Tuesday 1 May 2012

The Real 2012 Olimpicks are in the Cotswolds.

We were looking around for May Day celebrations and came across this. We will now be following the event, and showcasing some of the sports throughout May. Now, our apologies to those who organise and have attended for the last 400 years, we think we may of jumped onto the band wagon. If you were unsuccessful in tickets for Stratford there is always the Cotswolds, see you there. Post and photographs taking directly from the Cotswold Olimpiks website.

The 2012 Olimpick Games Programme
Friday 1st June


To celebrate our 400th anniversary, the 2012 programme will run from 2pm to midnight. Robert Dover will open the Games in front of his Castle around 7.30pm as usual but there is new entertainment on the hill in the afternoon primarily designed for children but with plenty for adults too.

But the surprise of this year's Games will be world premier of the Olympic Welcome Songs by Eliza Carthy, Robert Hollingworth, I Fagiolini and a 150 strong choir lead by Richard Stephens. This will be preceded by a folk concert at 5pm.

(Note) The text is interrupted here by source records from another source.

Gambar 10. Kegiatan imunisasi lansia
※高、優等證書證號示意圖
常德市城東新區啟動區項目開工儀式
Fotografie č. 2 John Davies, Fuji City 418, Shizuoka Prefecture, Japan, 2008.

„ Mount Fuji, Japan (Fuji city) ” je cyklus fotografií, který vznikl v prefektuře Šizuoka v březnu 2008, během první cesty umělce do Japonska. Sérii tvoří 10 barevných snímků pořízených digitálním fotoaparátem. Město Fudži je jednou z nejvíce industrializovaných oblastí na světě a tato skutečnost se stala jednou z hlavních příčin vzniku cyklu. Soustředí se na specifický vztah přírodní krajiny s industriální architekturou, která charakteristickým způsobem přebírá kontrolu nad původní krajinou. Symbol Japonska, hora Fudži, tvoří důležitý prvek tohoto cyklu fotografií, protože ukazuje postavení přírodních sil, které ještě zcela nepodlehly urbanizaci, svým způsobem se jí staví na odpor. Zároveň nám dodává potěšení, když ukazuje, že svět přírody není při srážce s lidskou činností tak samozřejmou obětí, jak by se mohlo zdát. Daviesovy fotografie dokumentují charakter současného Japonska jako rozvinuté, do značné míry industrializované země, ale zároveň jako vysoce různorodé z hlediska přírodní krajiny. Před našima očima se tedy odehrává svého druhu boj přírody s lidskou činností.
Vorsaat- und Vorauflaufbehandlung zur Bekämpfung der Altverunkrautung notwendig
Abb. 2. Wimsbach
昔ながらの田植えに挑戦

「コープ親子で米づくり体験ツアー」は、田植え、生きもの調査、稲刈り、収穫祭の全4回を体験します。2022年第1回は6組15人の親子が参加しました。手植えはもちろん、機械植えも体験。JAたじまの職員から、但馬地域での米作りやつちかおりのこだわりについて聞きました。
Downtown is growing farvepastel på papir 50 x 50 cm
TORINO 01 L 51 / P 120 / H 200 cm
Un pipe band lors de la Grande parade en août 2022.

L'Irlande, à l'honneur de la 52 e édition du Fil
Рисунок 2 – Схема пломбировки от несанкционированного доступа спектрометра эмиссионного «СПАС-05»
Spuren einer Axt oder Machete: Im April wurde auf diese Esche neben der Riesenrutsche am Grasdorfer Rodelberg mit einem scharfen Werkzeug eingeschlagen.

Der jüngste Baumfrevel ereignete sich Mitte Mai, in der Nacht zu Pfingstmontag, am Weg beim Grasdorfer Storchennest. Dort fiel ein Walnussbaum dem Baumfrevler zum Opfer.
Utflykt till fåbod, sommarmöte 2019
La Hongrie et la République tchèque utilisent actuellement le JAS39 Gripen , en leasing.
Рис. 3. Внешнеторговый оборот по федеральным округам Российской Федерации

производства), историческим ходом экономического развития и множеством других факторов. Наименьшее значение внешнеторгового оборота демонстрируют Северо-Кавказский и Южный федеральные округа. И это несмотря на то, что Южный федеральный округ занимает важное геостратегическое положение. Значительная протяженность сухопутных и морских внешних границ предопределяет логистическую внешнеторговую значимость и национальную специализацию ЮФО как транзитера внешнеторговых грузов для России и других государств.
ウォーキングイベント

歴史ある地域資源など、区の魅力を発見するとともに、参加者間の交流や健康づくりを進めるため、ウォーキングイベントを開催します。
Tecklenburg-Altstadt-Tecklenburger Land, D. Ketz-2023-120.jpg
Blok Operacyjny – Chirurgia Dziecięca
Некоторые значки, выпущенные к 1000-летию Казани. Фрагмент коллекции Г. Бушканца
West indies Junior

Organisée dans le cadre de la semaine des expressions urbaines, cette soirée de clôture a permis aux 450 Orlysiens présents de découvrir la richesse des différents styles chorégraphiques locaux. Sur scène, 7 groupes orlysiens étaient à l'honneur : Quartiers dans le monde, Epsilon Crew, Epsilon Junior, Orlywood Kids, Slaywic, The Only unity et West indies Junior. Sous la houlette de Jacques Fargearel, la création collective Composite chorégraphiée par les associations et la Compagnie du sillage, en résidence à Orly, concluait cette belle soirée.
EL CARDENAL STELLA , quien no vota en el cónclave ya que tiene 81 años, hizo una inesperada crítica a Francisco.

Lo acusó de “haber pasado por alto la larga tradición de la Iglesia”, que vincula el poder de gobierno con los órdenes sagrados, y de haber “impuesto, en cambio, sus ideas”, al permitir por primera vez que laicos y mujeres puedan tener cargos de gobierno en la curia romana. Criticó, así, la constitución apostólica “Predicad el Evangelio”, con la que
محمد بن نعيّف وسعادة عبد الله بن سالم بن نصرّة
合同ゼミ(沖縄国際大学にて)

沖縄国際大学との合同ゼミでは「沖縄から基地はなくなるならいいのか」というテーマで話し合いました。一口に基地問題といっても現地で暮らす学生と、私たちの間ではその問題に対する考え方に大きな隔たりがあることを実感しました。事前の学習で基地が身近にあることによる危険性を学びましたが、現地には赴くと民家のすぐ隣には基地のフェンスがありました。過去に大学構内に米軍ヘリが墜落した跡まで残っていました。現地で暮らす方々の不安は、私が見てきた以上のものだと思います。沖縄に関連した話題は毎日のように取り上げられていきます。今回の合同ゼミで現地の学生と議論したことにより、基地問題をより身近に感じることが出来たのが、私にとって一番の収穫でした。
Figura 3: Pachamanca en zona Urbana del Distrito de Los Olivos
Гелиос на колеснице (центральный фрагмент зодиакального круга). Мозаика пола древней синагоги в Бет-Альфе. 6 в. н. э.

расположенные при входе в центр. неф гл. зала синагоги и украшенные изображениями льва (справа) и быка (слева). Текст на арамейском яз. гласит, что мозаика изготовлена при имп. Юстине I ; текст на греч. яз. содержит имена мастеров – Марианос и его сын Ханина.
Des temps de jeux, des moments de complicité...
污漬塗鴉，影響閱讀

The evening will bring the traditional sporting events like the Shin-Kicking and Tug-of-War and the upper level favourites in the arenas. At 9.45pm the Scuttlebrook Queen lights the beacon, fireworks colour the sky and then there is the moving Torchlight Procession to the Square in Chipping Campden where dancing in the Square concludes the evening at midnight.
REMEMBER YOU CAN COME & GO ALL DAY WITH YOUR WRISTBAND!
This year's fun packed family programme is:


2 pm to 6pm

Jacobean Village with entertainers in period costume, Creative Campden, Falconry, Tug-of-War demonstration, Climbing Wall, Bungee Trampoline, Virtual Paintball and Fairground

5pm to 7pm
Folk Concert & I Fagiolini

7pm to 7.30pm
Welcome Songs with Eliza Carty, I Fagiolini and the Choir

7.30pm to 9.45pm
Lower Arena sports including shin kicking, Champion of the Hill, Tug of War final etc
Upper Arenas including Marching Bands, Morris Men, Academy of Dance, Performing Dogs, various wandering musicians and entertainers in period costume and, of course, the Fairground

9.45pm to 10.30pm
Fireworks & Torchlit Procession

9.30pm to 12.00am
Vinyl Daze playing in the Square


A Quick History, with our thanks to Wikipedia.

The Cotswold Olimpick Games is an annual public celebration of games and sports now held on the Friday after Spring Bank Holiday near Chipping Campden, in the Cotswolds of England. The Games probably began in 1612, and have continued on and off to the present day. They were started by a local lawyer, Robert Dover, with the approval of King James. Dover's motivation in organising the Games may have been his belief that physical exercise was necessary for the defence of the realm, but he may also have been attempting to bring rich and poor together; the Games were attended by all classes of society, including on one occasion royalty.

Events included horse-racing, coursing with hounds, running, jumping, dancing, sledgehammer throwing, fighting with swords and cudgels, quarterstaff, and wrestling. Booths and tents were erected in which games such as chess and cards were played for small stakes, and abundant food was supplied for everyone who attended. A temporary wooden structure, Dover Castle, was erected in a natural amphitheatre on what is now known as Dover's Hill, complete with small cannons that were fired to begin the events.

The Games took place on the Thursday and Friday of the week of Whitsun, normally between the middle of May and the middle of June. Many 17th-century Puritans disapproved of such festivities, believing them to be of pagan origin, and they particularly disapproved of any celebration on a Sunday or a church holiday such as Whitsun. By the time of King James's death in 1625, many Puritan landowners had forbidden their workers to attend such festivities; the increasing tensions between the supporters of the king and the Puritans resulted in the outbreak of the English Civil War in 1642, bringing the Games to an end.

Revived after the Restoration of 1660, the Games gradually degenerated into a drunk and disorderly country festival according to their critics. The Games ended again in 1852, when the common land on which they had been staged was partitioned between local landowners and farmers and subsequently enclosed. Since 1966 the Games have been held each year on the Friday after Spring Bank Holiday. Events have included the tug of war, gymkhana, shin-kicking, dwile flonking, motor cycle scrambling, judo, piano smashing, and morris dancing. The British Olympic Association has recognised the Cotswold Olimpick Games as "the first stirrings of Britain's Olympic beginnings".